Persistent memory is a must-have feature for future AI assistants. general artificial intelligence (AGI) aims to achieve human-level intelligence over time, not limited to a single day or session. Humans use accumulated experience, selective recall, and learned abstractions to reason about life. This continuity of state allows for long-term planning and consistent decision-making.

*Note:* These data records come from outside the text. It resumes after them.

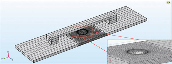 圖 2 凹坑缺陷模型及網(wǎng)格劃分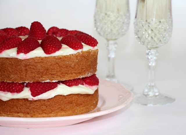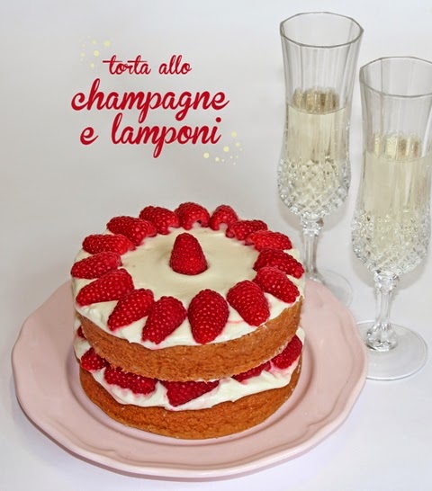 Voglio celebrare e brindare anche con voi e lo faremo come si deve, come il cucchiaio giallo comanda: con una TORTA ALLO CHAMPAGNE E LAMPONI.
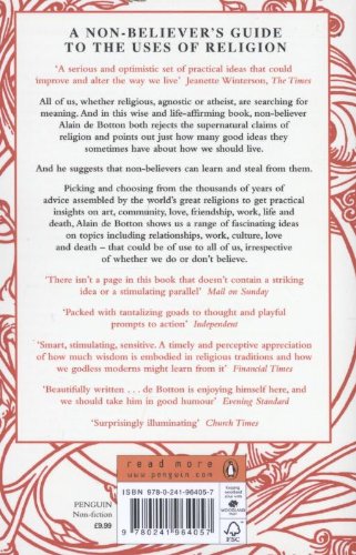 The boring debate between fundamentalist believers and non-believers is finally moved on by Alain de Botton's inspiring new book, which boldly argues that the supernatural claims of religion are of course entirely false - and yet that religions still have important things to teach the secular world. Rather than mocking religions, agnostics and atheists should instead steal from them - because they're packed with good ideas on how we live and arrange our societies. Blending deep respect with total impiety, de Botton (a non-believer) proposes that we should look to religions for insights into how to build a sense of community, make our relationships last, get more out of art, overcome feelings of envy and inadequacy, and much more. For too long non-believers have faced a stark choice between either swallowing peculiar doctrines or doing away with consoling and beautiful rituals and ideas. At last Alain de Botton has fashioned a far more interesting and truly helpful alternative.

Persistent memory introduces persistent state between sessions, allowing AI agents to learn and evolve over time. This is a step in the right direction to achieve AGI. But uncontrolled persistent memory in autonomous assistants is like adding gasoline to a deadly trifecta.
Moltbot is claimed to be the closest thing to AGI. It is constantly running, streamlined and efficient, allowing it to give users superhuman abilities. However, if this level of autonomy is not managed, it can lead to irreversible security incidents. Even with control UI hardening techniques, the attack surface remains unmanageable and unpredictable.
The authors’ opinion is that Moltbot is not designed to be used in an enterprise ecosystem.
The growing popularity of Moltbot raises important security questions regarding the architecture of autonomous systems. The future of AI assistants is not just about smarter agents, but also about safe agents that are manageable and built with understanding. do not have To act.
please read OWASP Agentic AI Survival Guide Understand how to protect against known agent threats.